From House To Home
ISSUE: May 2006
Published in profiles •rosies_view | 0 Comments, Talk about this article »
Enjoy this post? Share it:
The pool at my family’s house in New Jersey is its own fabulous time warp. Dug in 1970, it’s large and rectangular and gets repainted in the original psychedelic flower and bubble pattern that made its groovy debut 36 years ago. Even the blue fiberglass slide still stands near the shallow end, its continued presence ever pleasing to my keenly developed taste for childhood nostalgia. That, and it’s pretty amusing when on the rare occasion, someone decides to slide down, not realizing that the water hose stopped working around ‘87. The screeching noise that a wet bathing suit makes against the dry slide—and the corresponding look of surprised worry—is always a crowd pleaser.

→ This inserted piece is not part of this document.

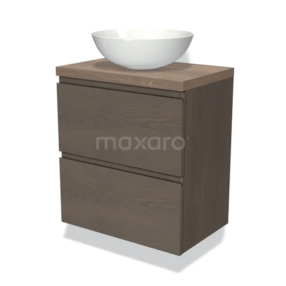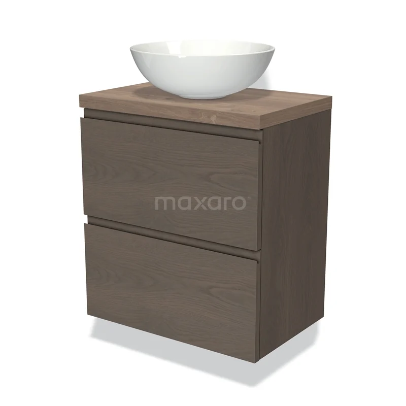 Waschtischunterschrank mit Konsole 60cm Modulo Plato Slim dunkelbraune Eiche 2 Schubladen grifflos
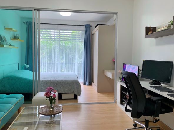 CM03804 ขาย คอนโด เอ สเปซ มี สุขุมวิท 77 A Space Me Sukhumvit 77 คอนโดมิเนียม ถ.สุขุมวิท 77 ซ.อ่อนนุช 37/1 แขวงอ่อนนุช เขตสวนหลวง กทม. ใกล้รถไฟฟ้า 3 สาย 1 นาทีถึงสถานีสีเหลือง, สถานีอ่อนนุช, รถไฟฟ้าแอร์พอร์ตลิ้งค์ สถานีหัวหมาก ใกล้ซีคอนสแควร์, พาราไดซ์พาร์ค, สวนหลวง ร.9 วิวสวน ไม่โดนแดด ลมเย็นสบาย เป็นส่วนตัวสุดๆ ชั้น 2 ตึก เอ ขนาด 28.54 ตรม. กั้นห้องเป็นสัดส่วน เฟอร์นิเจอร์และเครื่องใช้ไฟฟ้าครบ เฟอร์นิเจอร์ครบครัน - เตียงนอน 5 ฟุต - ตู้เสื้อผ้าบิ้วอิน - โต๊ะเครื่องแป้ง - ชั้นวางรองเท้า - โซฟาเบด - โต๊ะวางทีวี - โต๊ะทำงาน+เก้าอี้ทำงาน - โต๊ะกลาง - เก้าอี้สตูล - เครื่องใช้ไฟฟ้า แอร์, ทีวี, ตู้เย็น, เครื่องซักผ้า, เครื่องทำน้ำอุ่น+ Rain shower,หม้อทอดไร้น้ำมัน, เตาไฟฟ้า, เครื่องดูดควัน - ครัวบิ้วอิน ราคาขาย 1,890,000 บาท *สิ่งอำนวยความสะดวก* ส่วนกลาง - มีสระว่ายน้ำขนาดใหญ่ 2 สระ - ฟิตเนส - ห้อง Co-working space - ลิฟต์จอดรถอัติโนมัติ - บริการรถกอล์ฟ รับส่งหน้าปากซอย - รถตู้ รับ-ส่ง BTS อ่อนนุช *สถานที่สำคัญ* – BTS อ่อนนุช – ใกล้รถไฟฟ้าสายสีเหลือง – Pickadaily Bangkok 50 ม. – Big C Extra อ่อนนุช 3.8 กม. – เทสโก้โลตัส สุขุมวิท 50 (อ่อนนุช) 4.4 กม. – ซีคอนสแควร์ (เทสโก้โลตัส) 2.5 กม. – ตลาดเอี่ยมสมบัติ 850 ม. – ตลาดอ่อนนุช 3.8 กม. – ตลาดนัดรถไฟ ศรีนครินทร์ 3.2 กม. – พาราไดซ์พาร์ค ศรีนครินทร์ 3.3 กม. – สวนหลวง ร.9 7.9 กม. – โรงพยาบาลกล้วยน้ำไท 2 *สนใจติดต่อสอบถามเพิ่มเติมได้ที่ 086-802-5609 line 0868025609 ป๊อบ* *บริการรับฝากขาย บ้าน ที่ดิน คอนโด และอสังหาริมทรัพย์ทุกประเภท ฟรี ค่าคอมมิชชั่น กรณีเจ้าของขายเองได้*

Summers in New Jersey meant practically living in the pool. When I was around 4 years old, I swam around using a contraption made of a rainbow colored belt attached to a Styrofoam bubble (still have it) until I was proficient on my own. When that day came, it was only when my lips were blue, my fingers were shriveled, and I was visibly shivering that I emerged from the water to eat Jersey Mike’s subs under a blue and red Cinzano umbrella, the scent of chlorine and Coppertone lingering in the hot breeze.
Our quirky pool area with the two old-fashioned changing cabanas was host to a yearly parade of flip-flop clad friends wielding inner tubes, goggles, and flippers. Countless cannonballs, belly-flops, back flips, and doggie-paddle races transpired during its heyday. I’ve been thrown in with my clothes on, sneaked in with my clothes off, and floated on my back, gazing at the early September sky—willing summer to stay forever. With a slide and diving board that was once in use simultaneously, I can close my eyes and recall the sound of summer as a distinct chorus of the delighted splashing, shrieking, and laughter of children.
The kids are all long-since grown and there aren’t many people around to use the pool anymore. Could be the fact that it’s 13 feet deep, always loaded with bugs and leaves, and completely shaded by trees that scares off the very same people who once played Marco Polo with abandon. Regardless, we all still gather around it every summer, having parties and barbecues, occasionally glancing at its time-worn bubbles and flowers that quietly rest beneath the still water.